** Entries supplied follows **
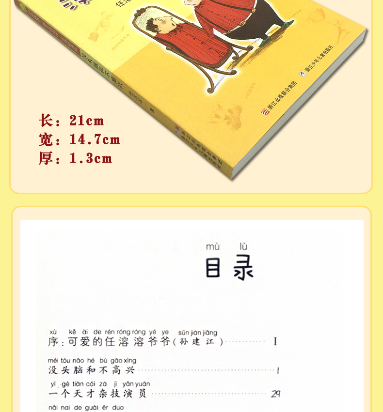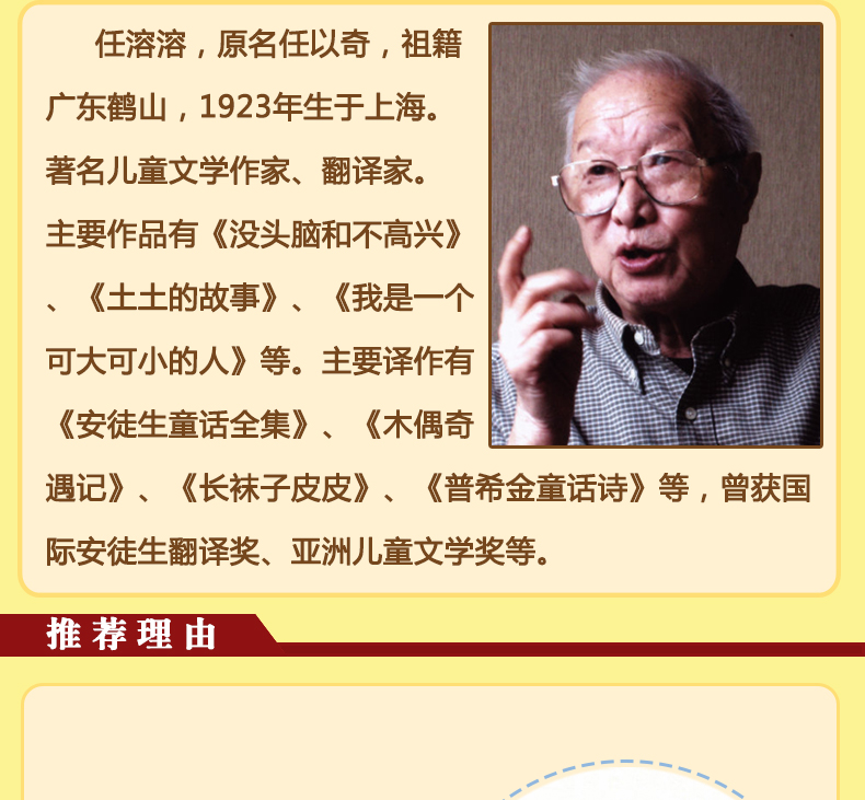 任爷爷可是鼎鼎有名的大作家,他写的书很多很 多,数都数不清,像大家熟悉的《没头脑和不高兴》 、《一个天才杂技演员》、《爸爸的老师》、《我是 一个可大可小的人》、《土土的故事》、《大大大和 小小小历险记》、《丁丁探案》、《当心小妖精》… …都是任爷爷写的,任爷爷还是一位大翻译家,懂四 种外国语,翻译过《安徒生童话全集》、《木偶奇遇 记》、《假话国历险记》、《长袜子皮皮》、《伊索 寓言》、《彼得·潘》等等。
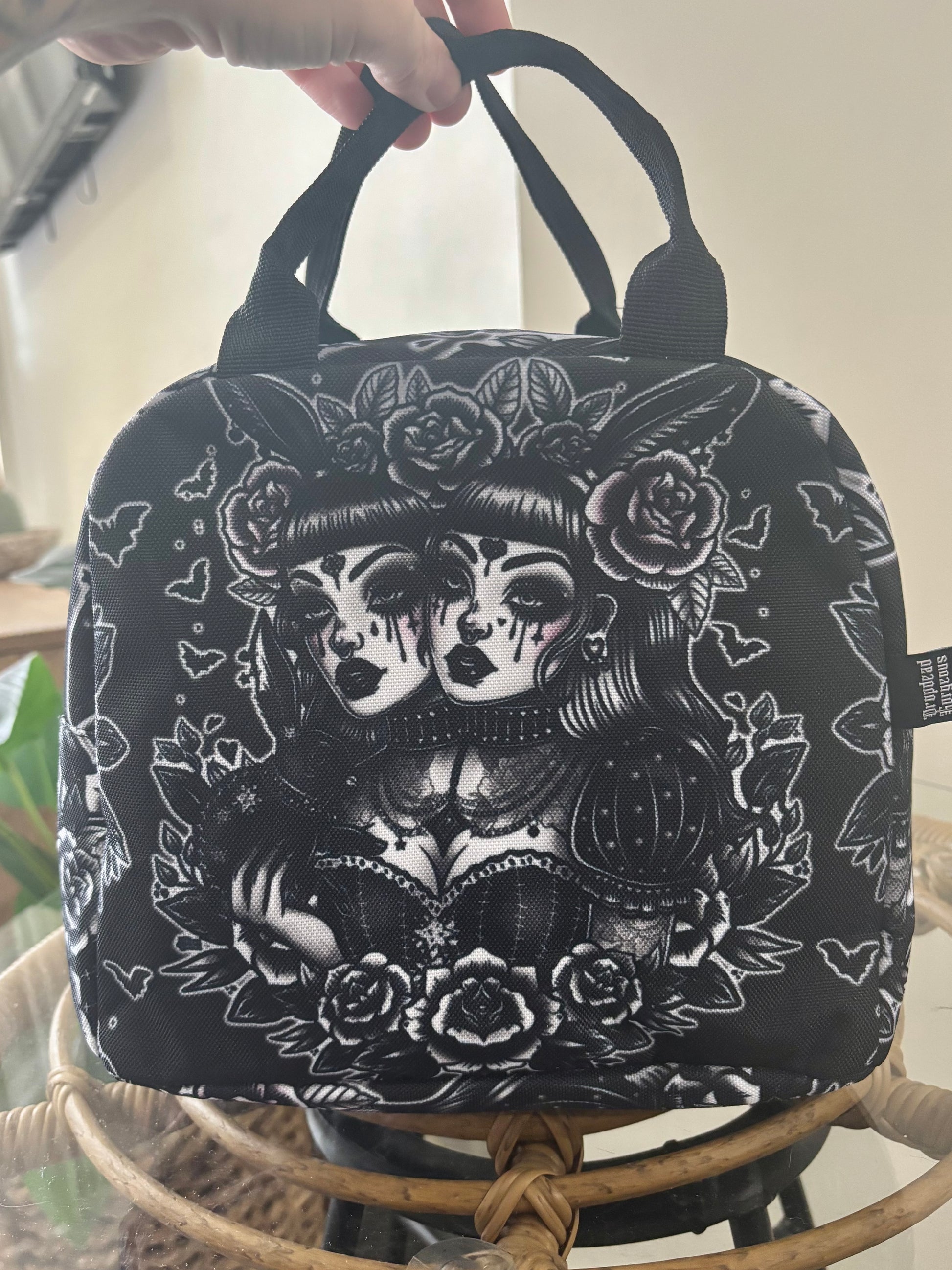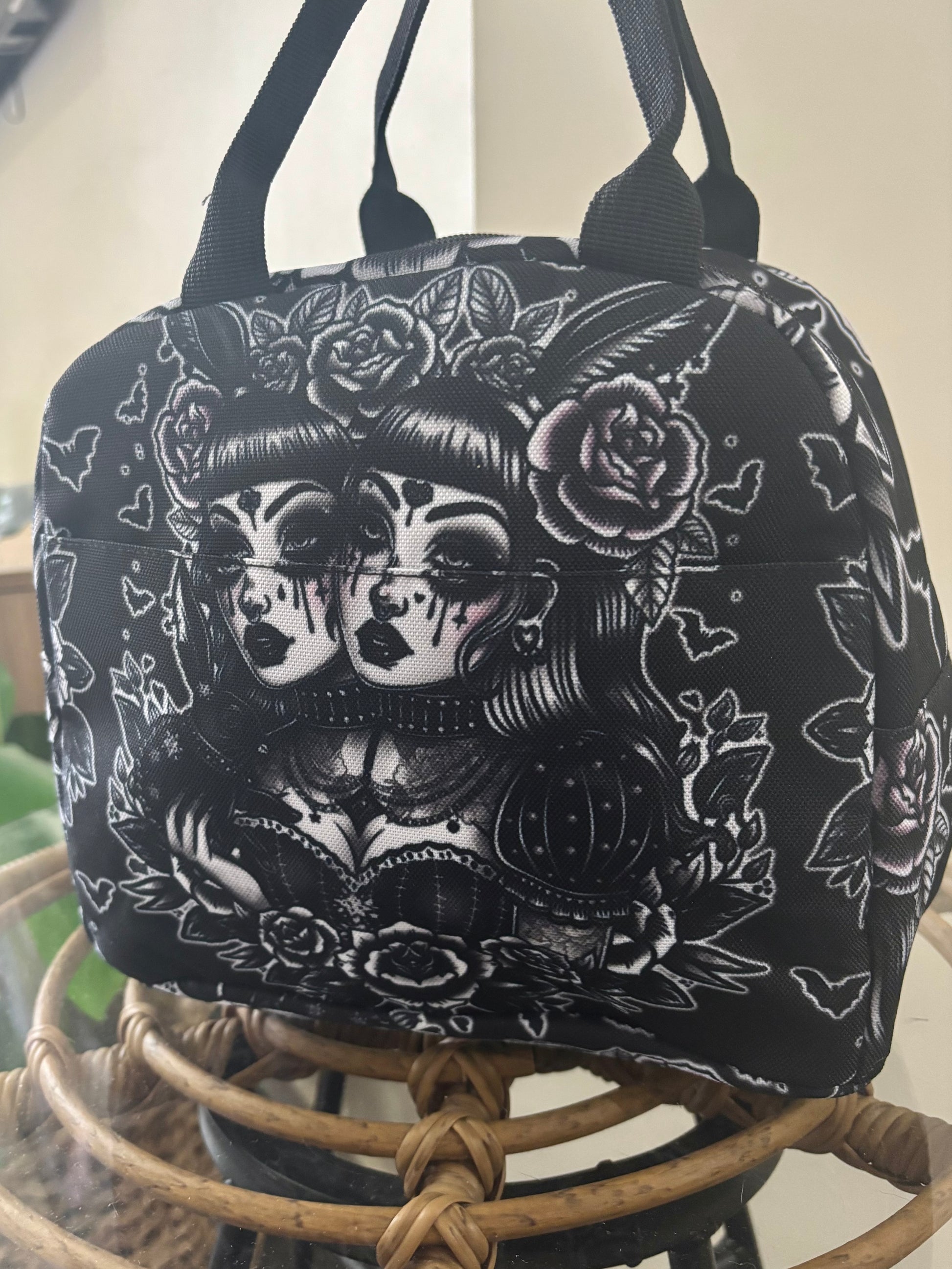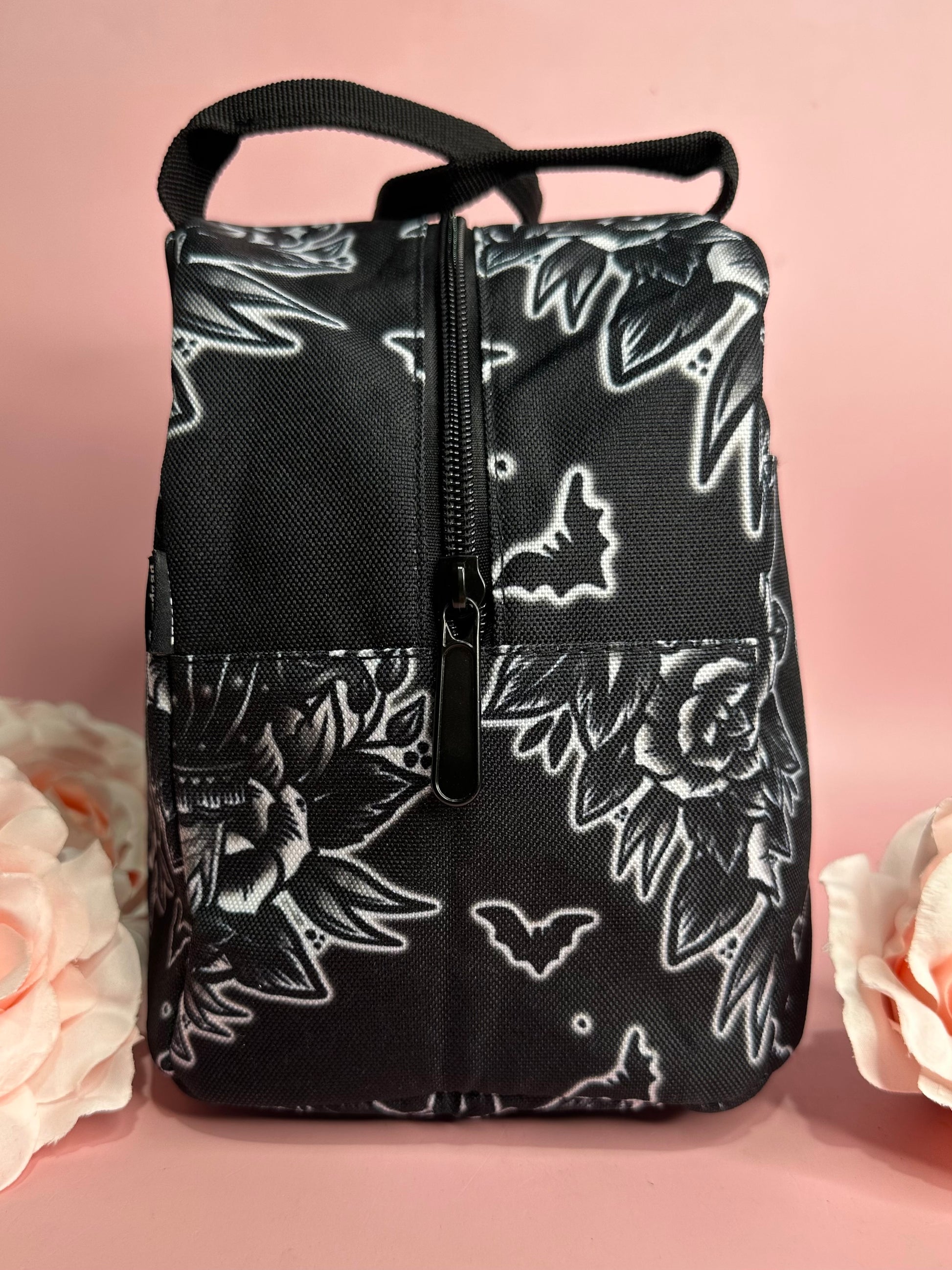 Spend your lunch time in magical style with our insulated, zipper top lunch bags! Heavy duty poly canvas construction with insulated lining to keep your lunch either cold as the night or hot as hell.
** End of Entries supplied **
** Entries supplied follows **
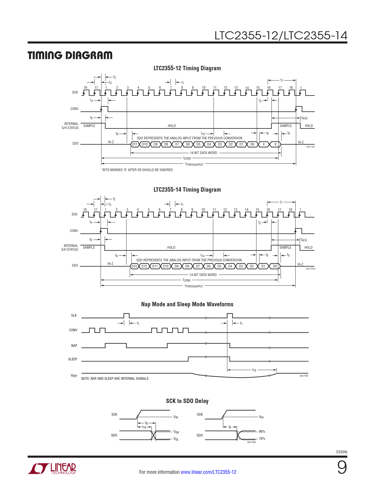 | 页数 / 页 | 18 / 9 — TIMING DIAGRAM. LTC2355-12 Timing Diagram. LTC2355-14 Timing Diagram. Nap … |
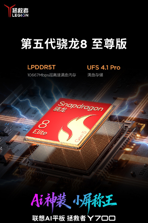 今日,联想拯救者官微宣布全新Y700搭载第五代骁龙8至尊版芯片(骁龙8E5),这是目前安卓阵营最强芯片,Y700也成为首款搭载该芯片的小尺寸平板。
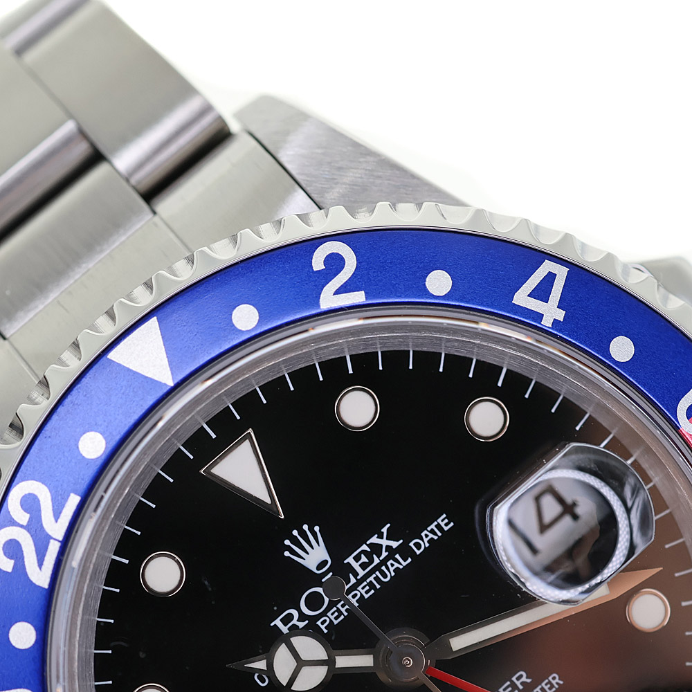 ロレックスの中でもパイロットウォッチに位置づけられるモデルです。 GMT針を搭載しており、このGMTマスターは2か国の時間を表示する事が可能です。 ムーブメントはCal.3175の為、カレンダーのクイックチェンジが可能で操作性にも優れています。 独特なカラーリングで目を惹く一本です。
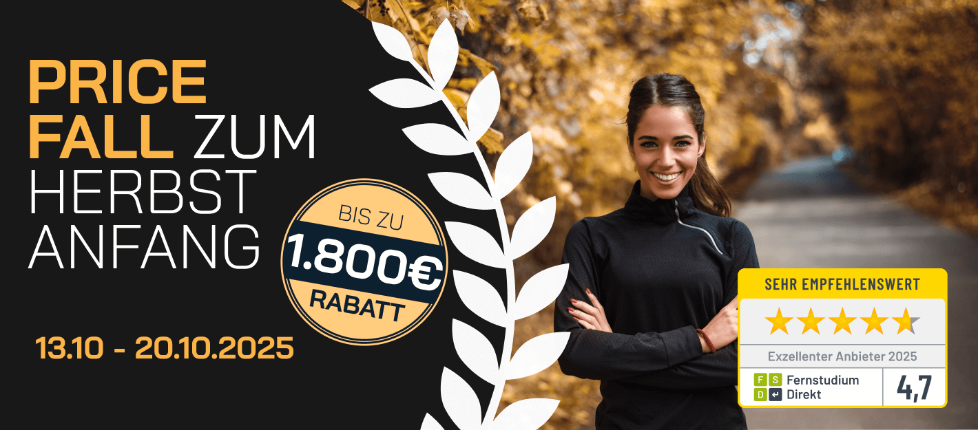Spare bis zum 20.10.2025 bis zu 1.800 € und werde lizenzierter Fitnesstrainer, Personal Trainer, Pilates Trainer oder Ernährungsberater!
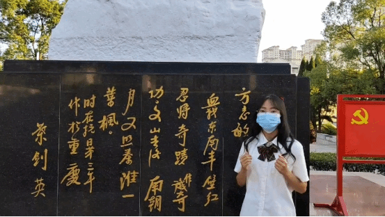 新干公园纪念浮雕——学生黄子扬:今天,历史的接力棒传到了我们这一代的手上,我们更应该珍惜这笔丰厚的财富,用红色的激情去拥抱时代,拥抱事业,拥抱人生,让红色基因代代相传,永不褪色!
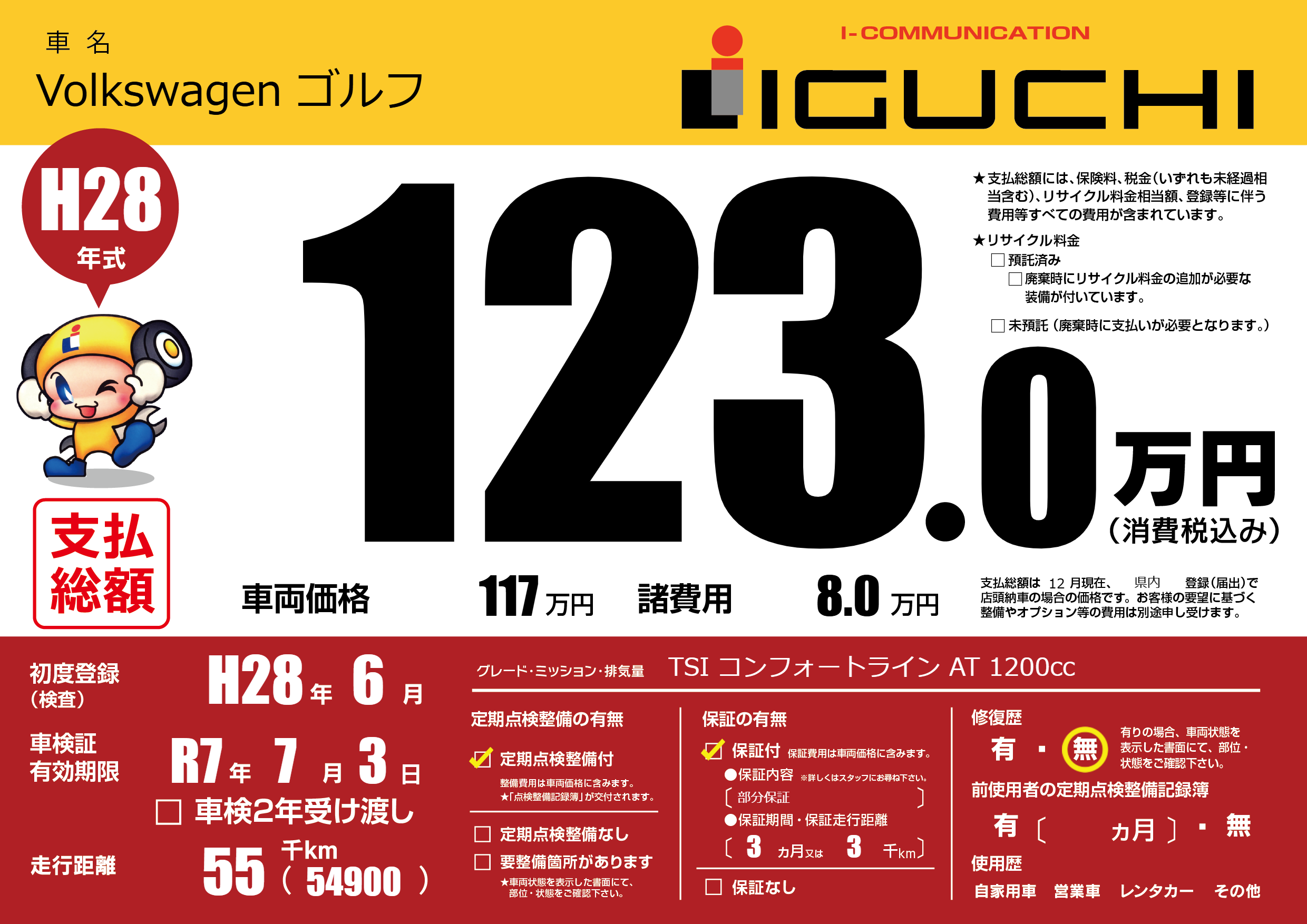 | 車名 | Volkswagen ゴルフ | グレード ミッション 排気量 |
** End of Entries supplied **
Task
Above are some records; extract exactly the lines from the one containing "种外国语,翻译过《安徒生童话全集》、《木偶奇遇 记》、《假话国历险记》、《长袜子皮皮》、《伊索 寓言》、《彼得·潘》等等。" through the one containing "Spend your lunch" and drop the pictures.

Your response
 任爷爷可是鼎鼎有名的大作家,他写的书很多很 多,数都数不清,像大家熟悉的《没头脑和不高兴》 、《一个天才杂技演员》、《爸爸的老师》、《我是 一个可大可小的人》、《土土的故事》、《大大大和 小小小历险记》、《丁丁探案》、《当心小妖精》… …都是任爷爷写的,任爷爷还是一位大翻译家,懂四 种外国语,翻译过《安徒生童话全集》、《木偶奇遇 记》、《假话国历险记》、《长袜子皮皮》、《伊索 寓言》、《彼得·潘》等等。
 Spend your lunch time in magical style with our insulated, zipper top lunch bags! Heavy duty poly canvas construction with insulated lining to keep your lunch either cold as the night or hot as hell.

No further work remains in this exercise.